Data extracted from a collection
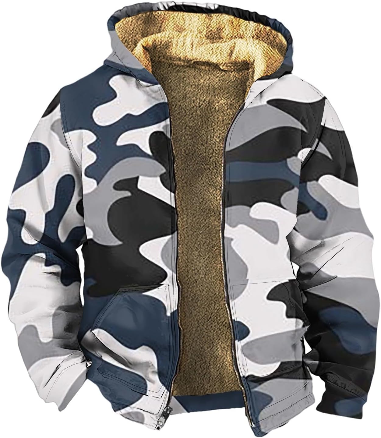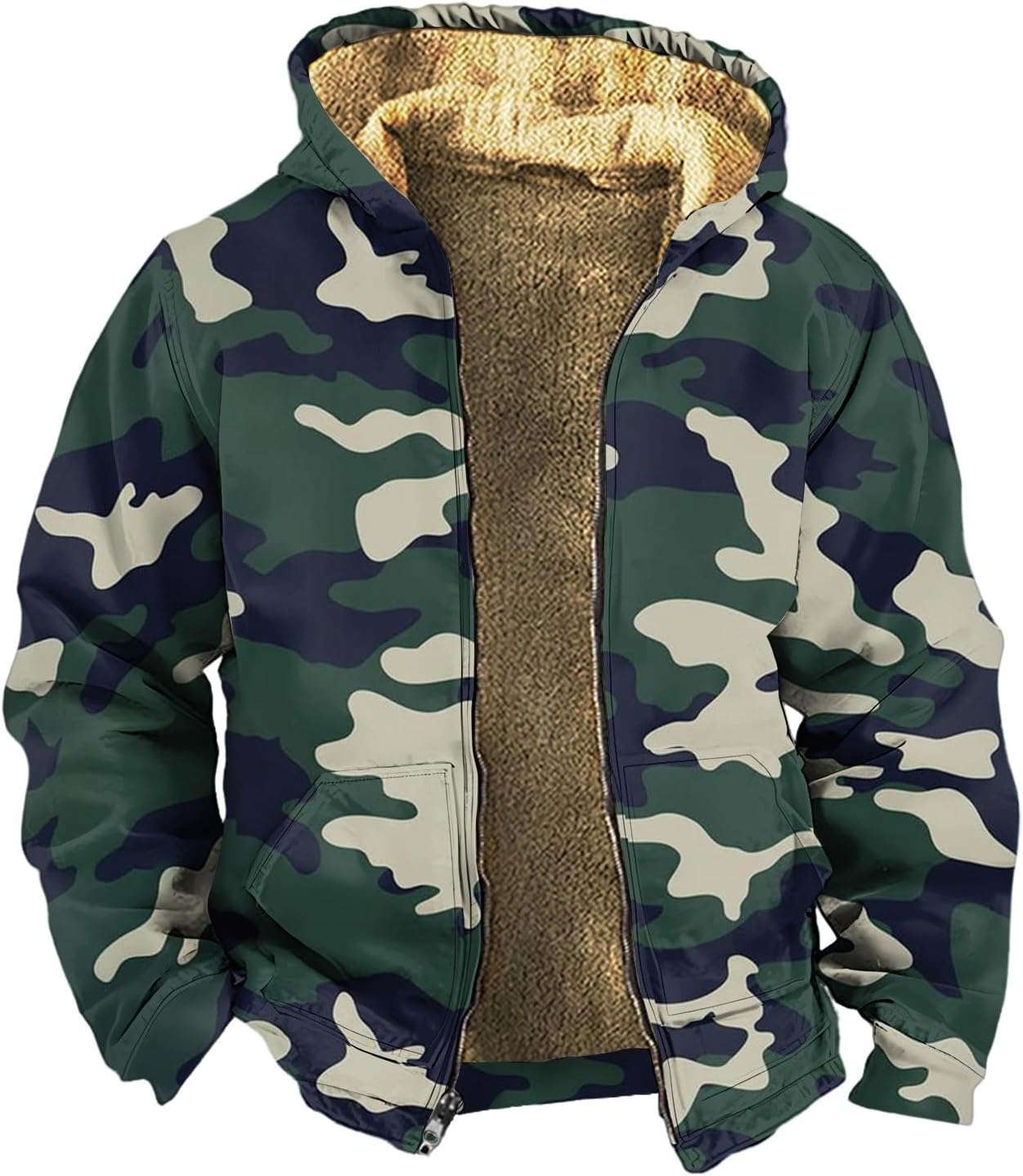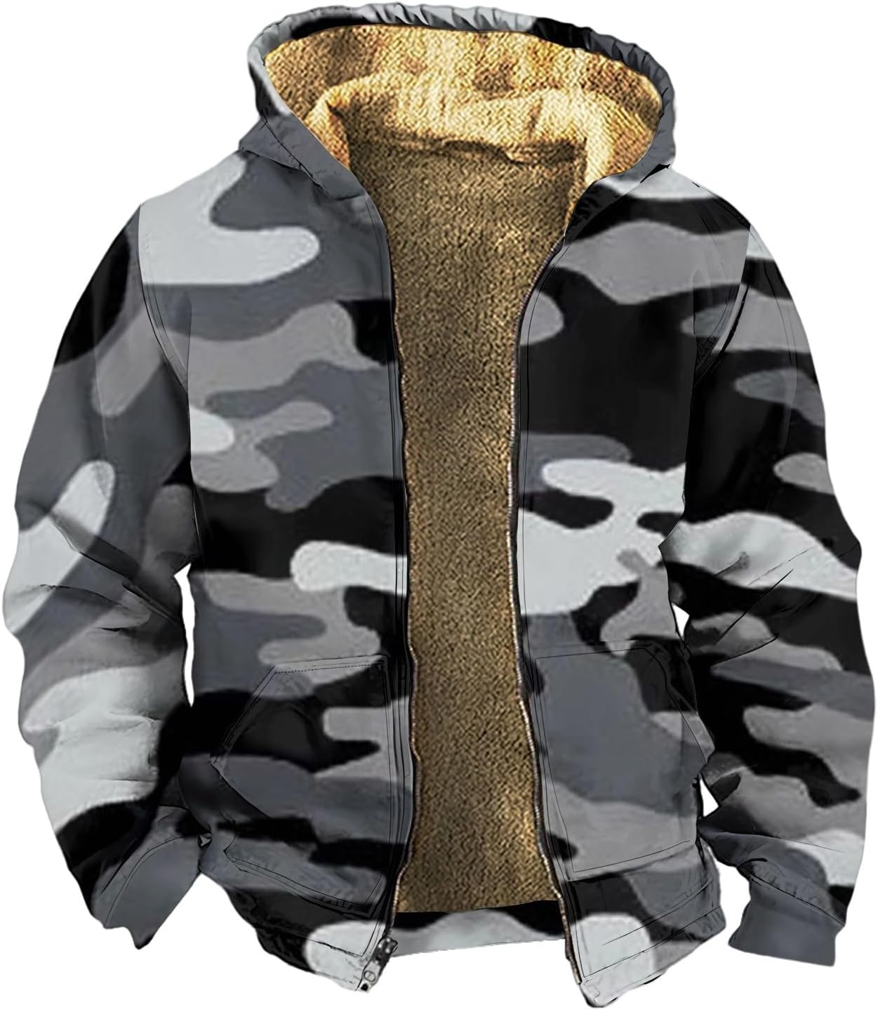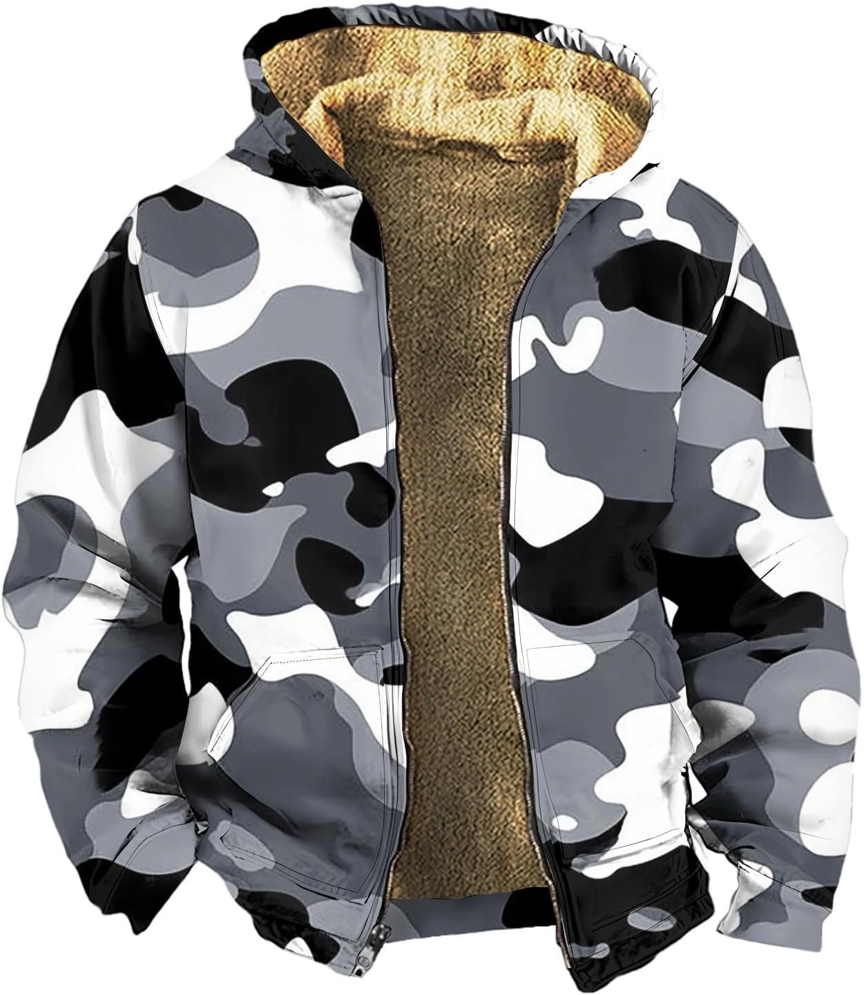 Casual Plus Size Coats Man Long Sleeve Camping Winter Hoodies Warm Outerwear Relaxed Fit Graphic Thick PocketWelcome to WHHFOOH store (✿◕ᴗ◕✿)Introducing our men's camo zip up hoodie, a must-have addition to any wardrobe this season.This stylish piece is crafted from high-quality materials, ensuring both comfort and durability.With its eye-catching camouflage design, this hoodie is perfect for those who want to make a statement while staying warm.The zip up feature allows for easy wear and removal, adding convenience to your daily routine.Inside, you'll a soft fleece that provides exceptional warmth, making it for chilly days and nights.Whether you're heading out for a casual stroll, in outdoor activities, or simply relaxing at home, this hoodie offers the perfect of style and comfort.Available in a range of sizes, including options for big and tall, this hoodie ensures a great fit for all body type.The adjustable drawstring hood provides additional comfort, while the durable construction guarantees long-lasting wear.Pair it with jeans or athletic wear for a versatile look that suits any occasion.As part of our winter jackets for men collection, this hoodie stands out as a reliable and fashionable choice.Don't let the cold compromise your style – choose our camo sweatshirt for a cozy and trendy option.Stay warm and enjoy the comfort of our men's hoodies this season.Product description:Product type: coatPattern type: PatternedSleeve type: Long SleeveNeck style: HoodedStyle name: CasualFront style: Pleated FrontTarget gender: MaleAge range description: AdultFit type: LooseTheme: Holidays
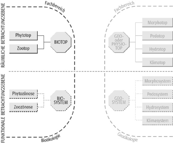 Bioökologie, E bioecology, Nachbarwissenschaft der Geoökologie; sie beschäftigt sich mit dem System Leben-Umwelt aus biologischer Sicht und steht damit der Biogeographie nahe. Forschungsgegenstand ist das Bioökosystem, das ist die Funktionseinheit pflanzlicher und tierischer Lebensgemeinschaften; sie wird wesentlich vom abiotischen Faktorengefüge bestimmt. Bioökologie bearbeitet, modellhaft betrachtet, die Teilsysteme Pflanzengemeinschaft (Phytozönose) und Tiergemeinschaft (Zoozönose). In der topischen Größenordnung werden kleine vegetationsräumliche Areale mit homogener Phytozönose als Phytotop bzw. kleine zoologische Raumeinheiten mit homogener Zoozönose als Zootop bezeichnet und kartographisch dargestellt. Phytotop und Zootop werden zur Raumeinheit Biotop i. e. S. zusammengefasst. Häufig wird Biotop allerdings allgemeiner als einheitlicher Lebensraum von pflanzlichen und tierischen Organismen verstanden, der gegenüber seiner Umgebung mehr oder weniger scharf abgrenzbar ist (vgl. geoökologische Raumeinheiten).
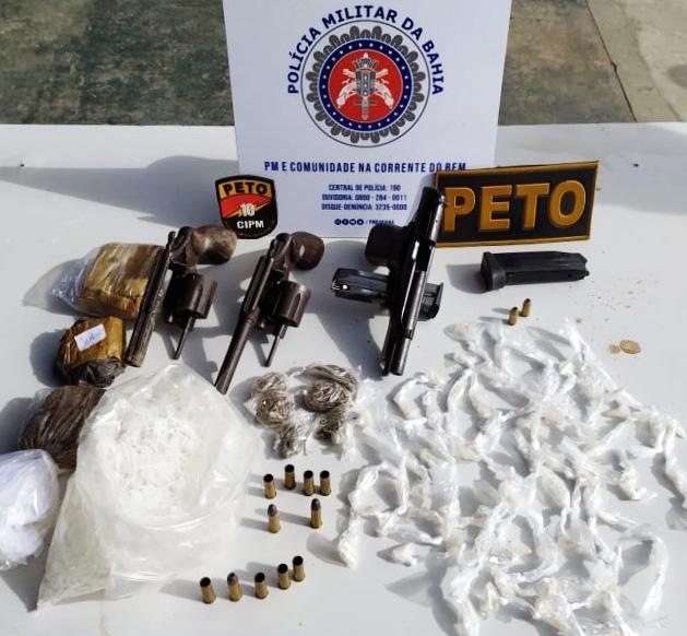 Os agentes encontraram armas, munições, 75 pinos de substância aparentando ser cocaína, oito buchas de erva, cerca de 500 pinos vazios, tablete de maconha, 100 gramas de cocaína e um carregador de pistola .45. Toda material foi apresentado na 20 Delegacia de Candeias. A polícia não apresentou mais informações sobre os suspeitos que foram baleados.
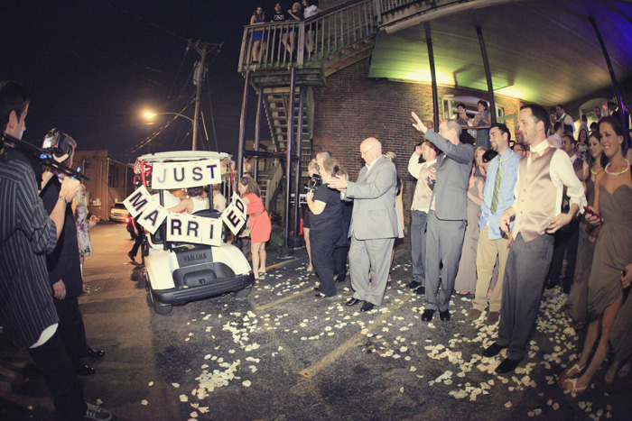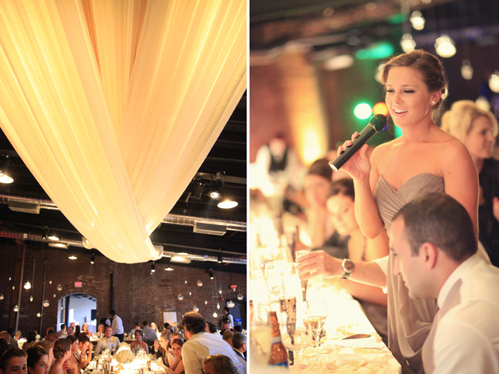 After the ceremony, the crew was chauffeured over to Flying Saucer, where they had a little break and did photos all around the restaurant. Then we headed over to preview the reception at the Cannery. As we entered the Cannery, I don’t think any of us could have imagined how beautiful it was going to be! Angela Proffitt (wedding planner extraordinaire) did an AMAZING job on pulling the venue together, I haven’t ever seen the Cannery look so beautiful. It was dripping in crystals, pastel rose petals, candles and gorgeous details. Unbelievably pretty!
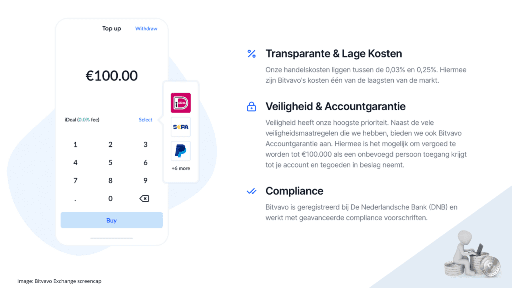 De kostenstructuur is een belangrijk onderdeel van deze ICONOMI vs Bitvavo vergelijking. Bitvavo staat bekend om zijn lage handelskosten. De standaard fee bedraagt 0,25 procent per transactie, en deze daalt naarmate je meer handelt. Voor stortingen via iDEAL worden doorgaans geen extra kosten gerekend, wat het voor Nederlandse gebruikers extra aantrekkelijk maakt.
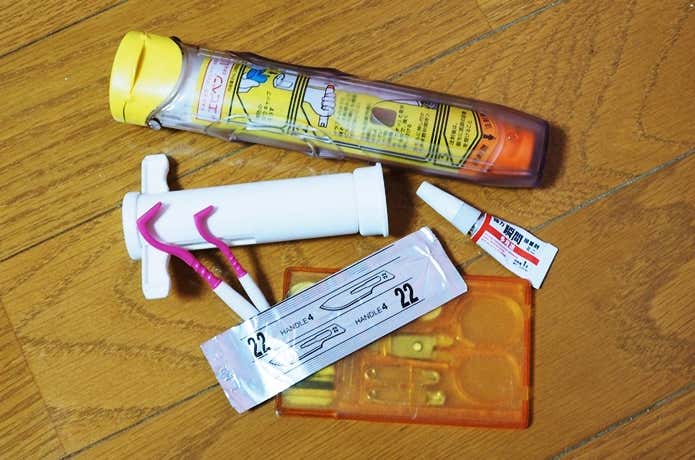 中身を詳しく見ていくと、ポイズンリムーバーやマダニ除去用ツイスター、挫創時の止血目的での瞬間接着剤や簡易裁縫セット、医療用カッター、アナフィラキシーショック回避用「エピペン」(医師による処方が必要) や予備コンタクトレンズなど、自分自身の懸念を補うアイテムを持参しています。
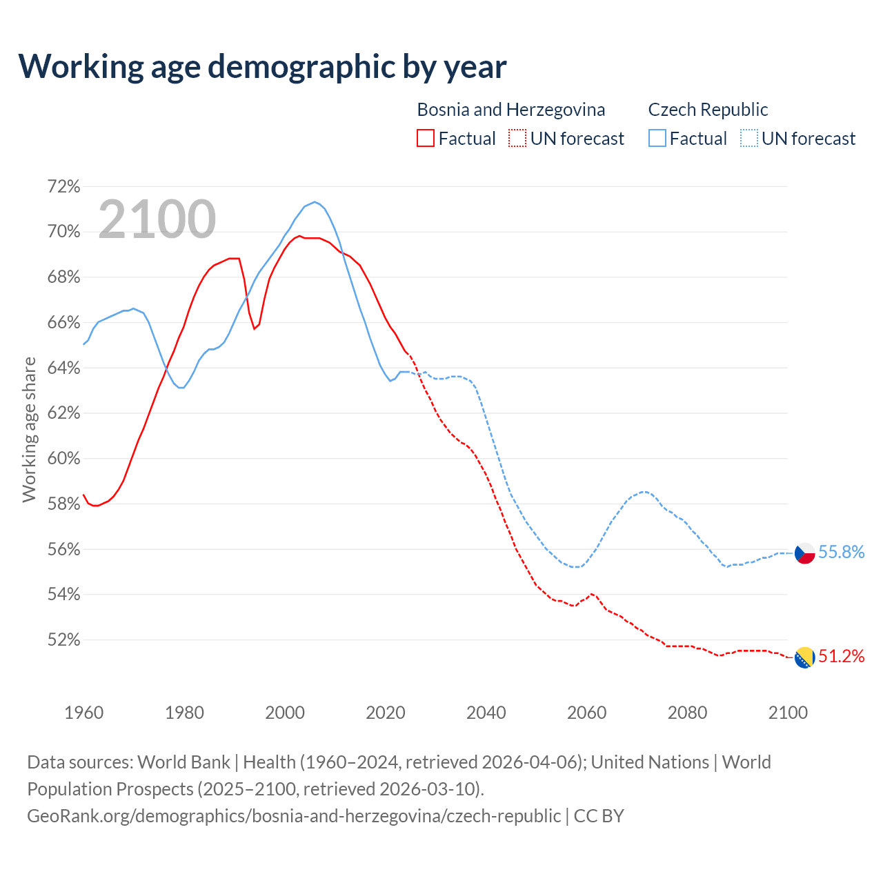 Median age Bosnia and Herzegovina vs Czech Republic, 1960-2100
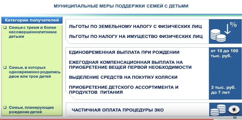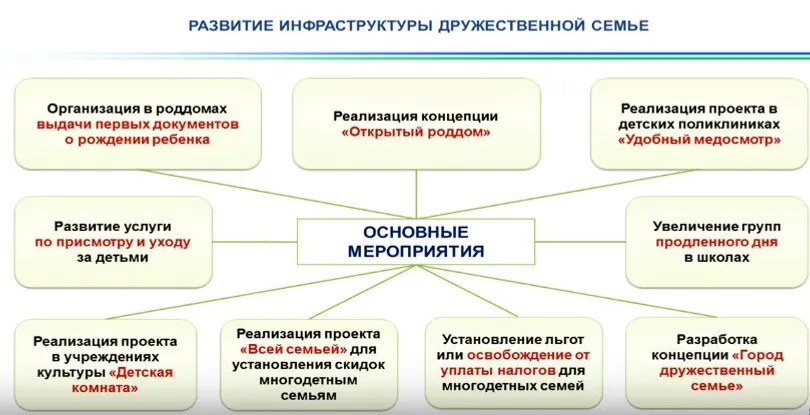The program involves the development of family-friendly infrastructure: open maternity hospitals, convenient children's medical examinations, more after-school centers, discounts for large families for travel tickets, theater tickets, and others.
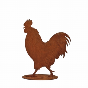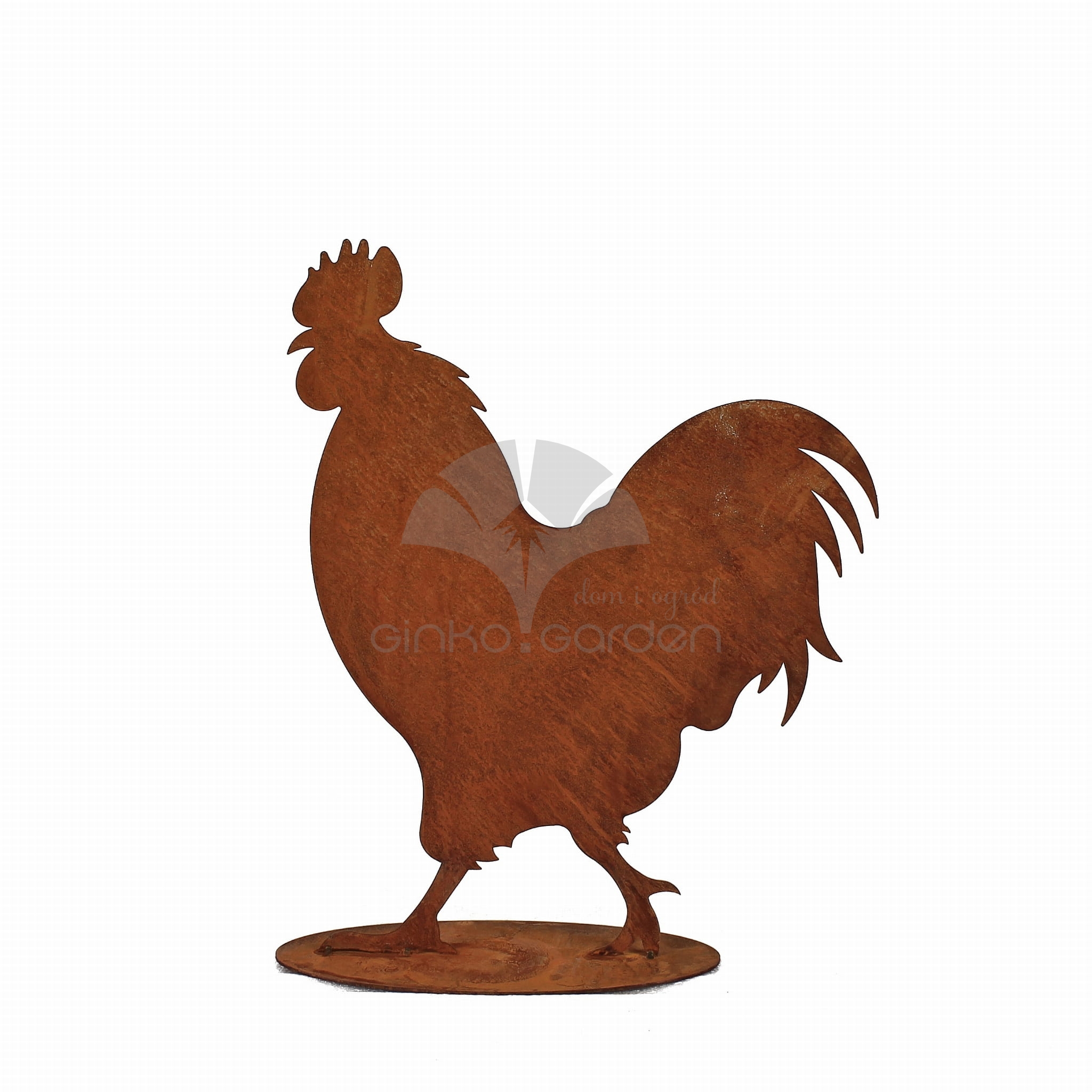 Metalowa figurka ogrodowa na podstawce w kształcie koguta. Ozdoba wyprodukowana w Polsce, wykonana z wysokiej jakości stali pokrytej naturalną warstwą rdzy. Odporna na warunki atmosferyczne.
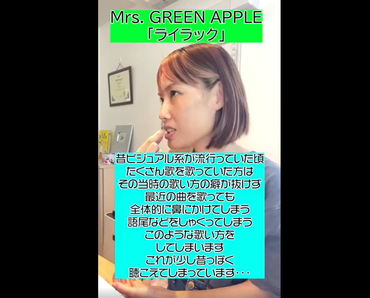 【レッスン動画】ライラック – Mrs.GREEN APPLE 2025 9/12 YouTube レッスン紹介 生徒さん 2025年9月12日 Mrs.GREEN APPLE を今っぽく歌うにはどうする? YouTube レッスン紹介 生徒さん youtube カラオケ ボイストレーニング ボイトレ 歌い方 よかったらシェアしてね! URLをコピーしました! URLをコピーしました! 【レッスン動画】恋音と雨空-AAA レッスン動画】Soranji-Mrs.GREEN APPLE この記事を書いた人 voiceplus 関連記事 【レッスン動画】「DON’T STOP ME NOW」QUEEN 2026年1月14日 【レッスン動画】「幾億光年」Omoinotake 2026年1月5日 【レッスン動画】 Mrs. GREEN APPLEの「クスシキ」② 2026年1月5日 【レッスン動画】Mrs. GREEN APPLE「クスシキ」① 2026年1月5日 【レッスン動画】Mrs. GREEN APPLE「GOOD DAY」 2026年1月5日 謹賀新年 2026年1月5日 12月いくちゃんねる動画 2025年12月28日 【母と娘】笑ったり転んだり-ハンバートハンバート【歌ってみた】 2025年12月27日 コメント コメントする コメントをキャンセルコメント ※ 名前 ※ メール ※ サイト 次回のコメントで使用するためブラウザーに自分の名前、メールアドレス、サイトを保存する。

▶ EXERCISE:
Transcribe exactly the span of lines that opens with the line holding "The program involves" and closes with the last line of the entries above. Omit pictures.

▶ RESPONSE FOR THIS EXERCISE:
The program involves the development of family-friendly infrastructure: open maternity hospitals, convenient children's medical examinations, more after-school centers, discounts for large families for travel tickets, theater tickets, and others.
 Metalowa figurka ogrodowa na podstawce w kształcie koguta. Ozdoba wyprodukowana w Polsce, wykonana z wysokiej jakości stali pokrytej naturalną warstwą rdzy. Odporna na warunki atmosferyczne.
 【レッスン動画】ライラック – Mrs.GREEN APPLE 2025 9/12 YouTube レッスン紹介 生徒さん 2025年9月12日 Mrs.GREEN APPLE を今っぽく歌うにはどうする? YouTube レッスン紹介 生徒さん youtube カラオケ ボイストレーニング ボイトレ 歌い方 よかったらシェアしてね! URLをコピーしました! URLをコピーしました! 【レッスン動画】恋音と雨空-AAA レッスン動画】Soranji-Mrs.GREEN APPLE この記事を書いた人 voiceplus 関連記事 【レッスン動画】「DON’T STOP ME NOW」QUEEN 2026年1月14日 【レッスン動画】「幾億光年」Omoinotake 2026年1月5日 【レッスン動画】 Mrs. GREEN APPLEの「クスシキ」② 2026年1月5日 【レッスン動画】Mrs. GREEN APPLE「クスシキ」① 2026年1月5日 【レッスン動画】Mrs. GREEN APPLE「GOOD DAY」 2026年1月5日 謹賀新年 2026年1月5日 12月いくちゃんねる動画 2025年12月28日 【母と娘】笑ったり転んだり-ハンバートハンバート【歌ってみた】 2025年12月27日 コメント コメントする コメントをキャンセルコメント ※ 名前 ※ メール ※ サイト 次回のコメントで使用するためブラウザーに自分の名前、メールアドレス、サイトを保存する。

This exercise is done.